Anyone have anything to say about Pure?
http://code.google.com/p/pure-lang/
The use of term rewriting as an essential part of a programming
language seems like a pretty interesting idea, and one that
I don't think I've encountered anywhere else. (Although the
site credits Michael O'Donnel as a pioneer, and mentions
OBJ and OPAL.)
Any views, pro or anti?
Marshall
Term rewriting underpins the Mathematica language and Wolfram Research push
it as one of their fundamental advantages over alternatives
(aka "everything is an expression"). Works well in Mathematica in terms of
generality but the performance is unbelievably bad: typically 1,000x slower
than C and much slower than interpreted languages like Python or OCaml
bytecode.
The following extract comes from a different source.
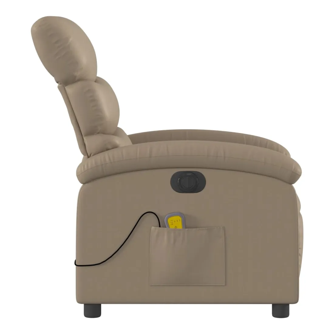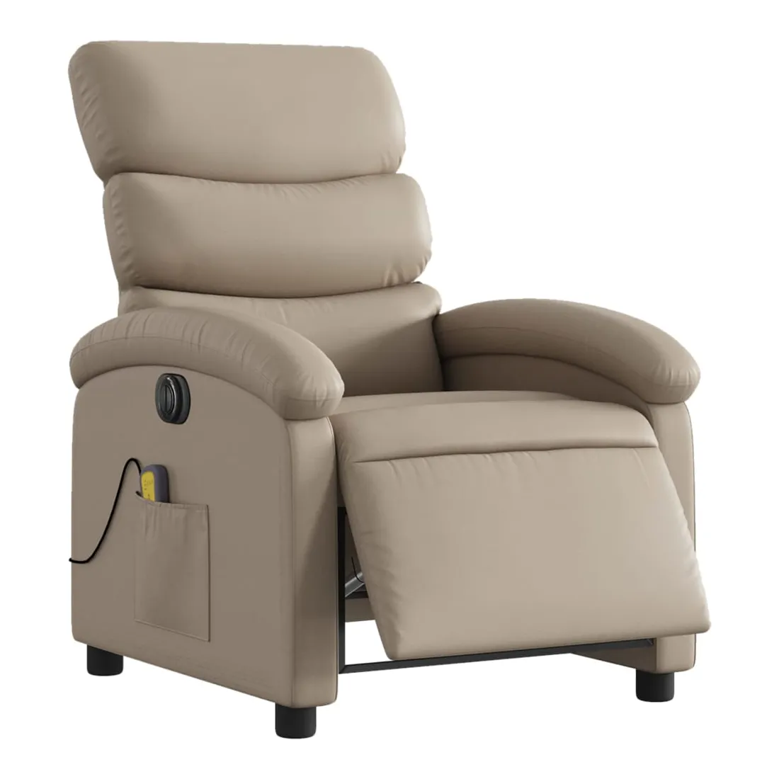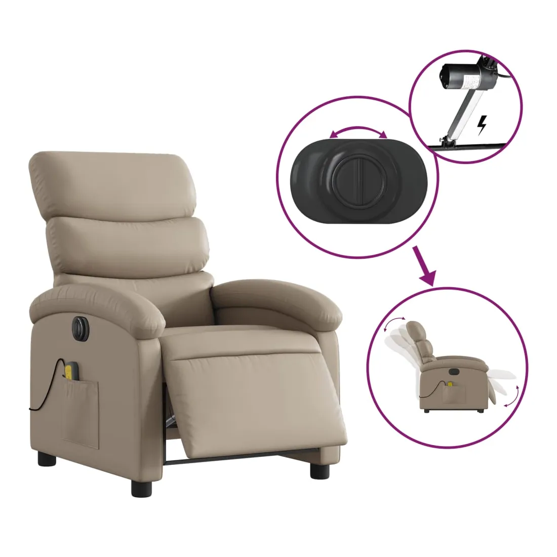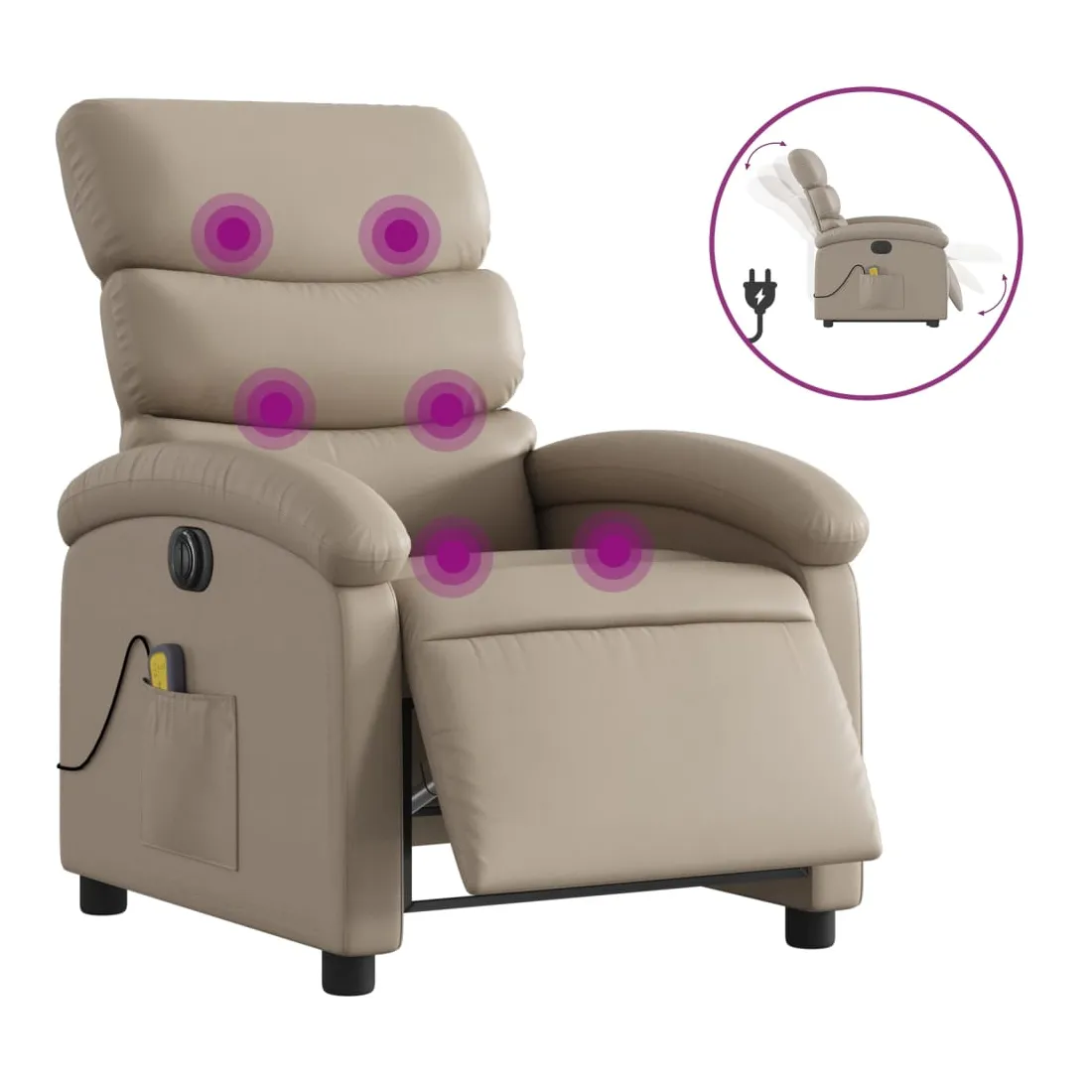 Asseyez-vous et détendez-vous dans ce fauteuil inclinable de massage électrique très confortable ! Fonction d'inclinaison électrique : ce fauteuil inclinable est équipé d'un moteur électrique qui permet de régler automatiquement le repose-pied et le dossier dans n'importe quelle position, selon votre confort, en appuyant simplement sur le bouton situé sur le côté du fauteuil. Cette fonction permet une inclinaison maximale de 135 degrés. En outre, le dossier peut revenir automatiquement à sa position d'origine par une simple pression sur le bouton.Fonction de vibration : les 6 points de massage vous permettent de faire l'expérience d'un massage mieux ciblé. De plus, la télécommande incluse vous permet de choisir différents programmes de massage. La fonction de massage est alimentée par le connecteur USB qui nécessite une source d'alimentation USB certifiée de 5 V (non fournie).Expérience de siège confortable : le siège, le dossier et les larges accoudoirs rembourrés épais recouverts de similicuir procurent une sensation confortable, vous faisant vous sentir enlacé lorsque vous êtes assis. Le similicuir est un matériau très résistant. Il est résistant aux taches, ce qui le rend facile à nettoyer avec un chiffon humide. La surface lisse donne également un aspect luxueux et la beauté du cuir véritable.Poche latérale pratique : ce fauteuil est doté d'une poche latérale pour ranger votre télécommande ou garder vos objets essentiels à portée de main.Cadre solide et stable : le cadre en bois et en métal offre une structure solide et une grande stabilité. Ce fauteuil inclinable est confortable et durable.

Pure is built upon LLVM though, so it may not have such severe
performance problems.
IIRC, many "experts" in academia claimed that term rewriting is totally
unsuitable for programming because it is so easy to get unwanted infinite
loops by failing to consistently reduce expressions when rewriting.
However, Mathematica has long since proven that wrong.
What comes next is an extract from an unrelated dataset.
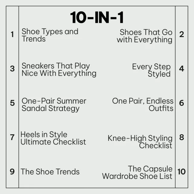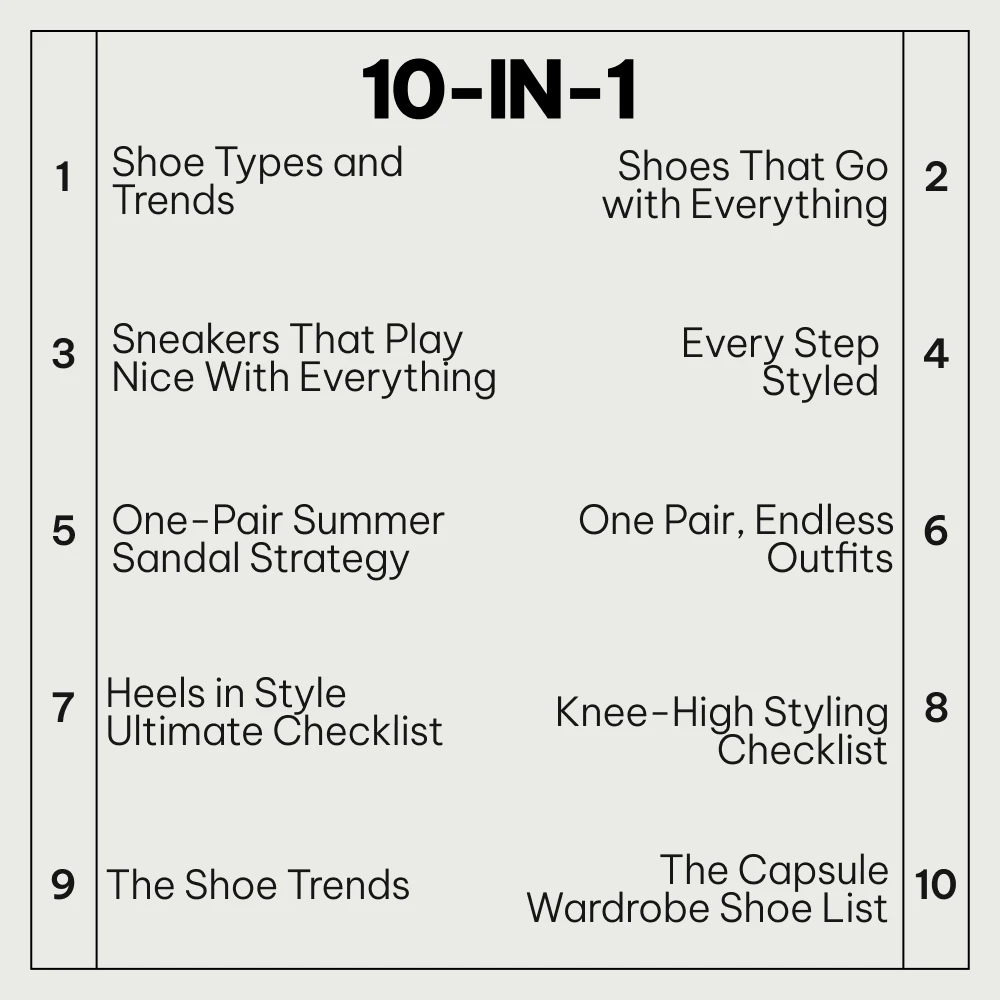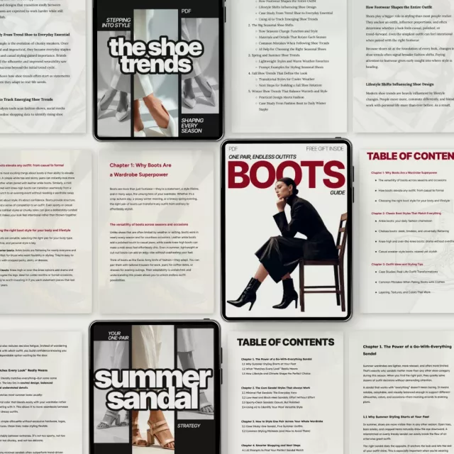 I really enjoy this bundle—there are so many fantastic ideas, especially for the boots and heels sections. The knee-high boot checklist was a game changer for me, and the sneaker section gave me so many new ways to style casual shoes. However, I found the “Summer Sandal Strategy” to be a little basic. It’s still good advice, but I expected something more creative. Despite that, it’s an excellent resource for any shoe lover!

I consider term rewriting to be a step beyond Lisp in terms of generality
and modern implementations with pattern matching are a step beyond Lisp in
terms of expressiveness.
However, I haven't found the time to play with Pure yet.
--
Dr Jon D Harrop, Flying Frog Consultancy Ltd.
http://www.ffconsultancy.com/?u
As I know, now the main beast in this niche is Maude. [shameless plug:
also look on termware for embedding term rewriting into Java
applications] Also most interpreters of lazy functional languages
[clean, haskell] use very similar technique of graph rewriting.
Pure is child of Q, when Q is child in Lisp family. Bring term
rewriting into LISP syntax can be interesting point in evolution of
LISP-based languages; from other point I can't understand why create
new language -- implements term-rewriting interpreter on top of exists
LISP system can be done with a very thin layer.